In Vajrayana Buddhism, mandalas have been developed also into sandpainting. They are also a key part of Anuttarayoga Tantra meditation practices.

====Visualisation of Vajrayana teachings====

The mandala can visually represent the core essence of the Vajrayana teachings. The mandala represents the nature of the Pure Land, Enlightened mind.

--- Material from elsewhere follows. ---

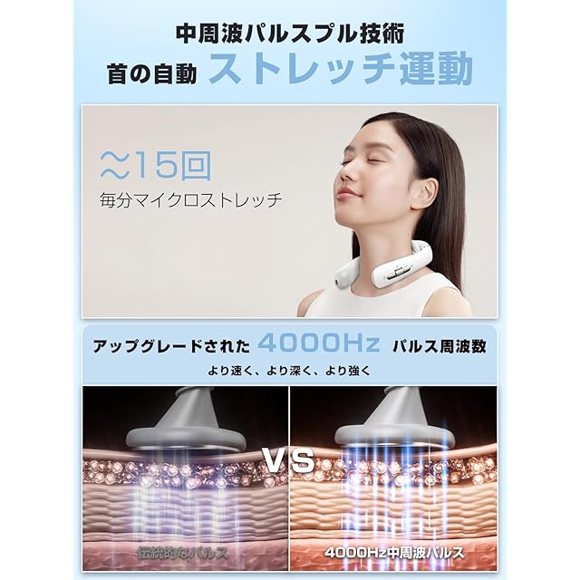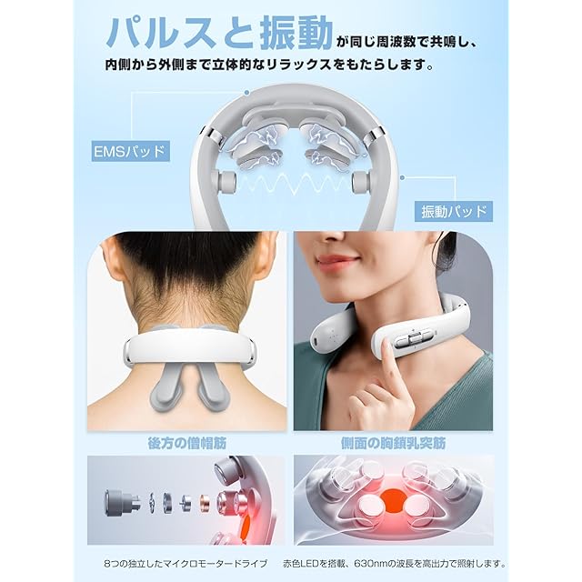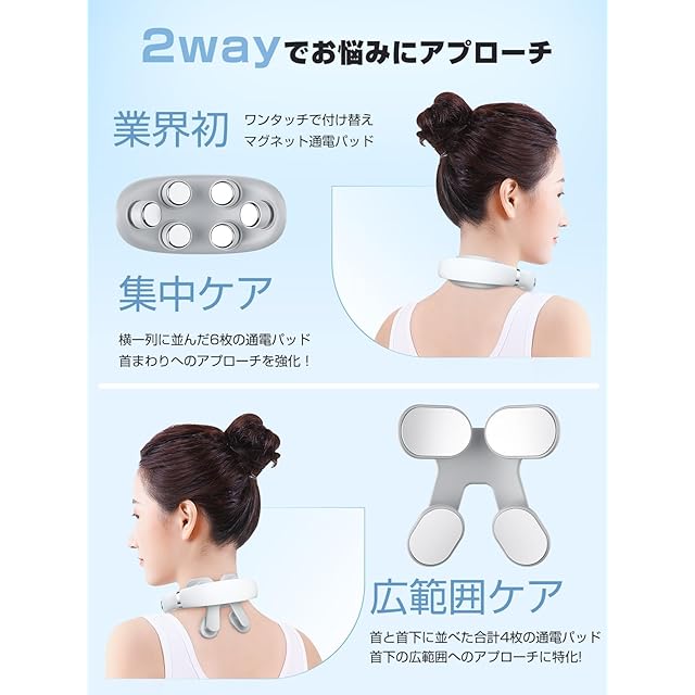 【広範囲を刺激】既製品に比べてもっと強く、気持ちいい“両側振動パッド”を搭載。従来品は襟足のみのケアでしたが、このリラクゼーション器のケア範囲は首の首の両側まで広がります。 さらに驚くべきことに、集中ケアパッドと広範囲ケアパッドの両方を備え、1台のliaoleeネックリラックス器は従来の2台のリラックス器の機能に相当する。

An example of this type of mandala is a Vajrabhairava mandala, a silk tapestry woven with gilded paper depicting lavish elements like crowns and jewelry, which gives a three-dimensional effect to the piece.

=====Mount Meru=====

A mandala can also represent the entire universe, which is traditionally depicted with Mount Meru as the axis mundi in the center, surrounded by the continents. One example is the Cosmological Mandala with Mount Meru, a silk tapestry from the Yuan dynasty that serves as a diagram of the Tibetan cosmology, which was given to China from Nepal and Tibet.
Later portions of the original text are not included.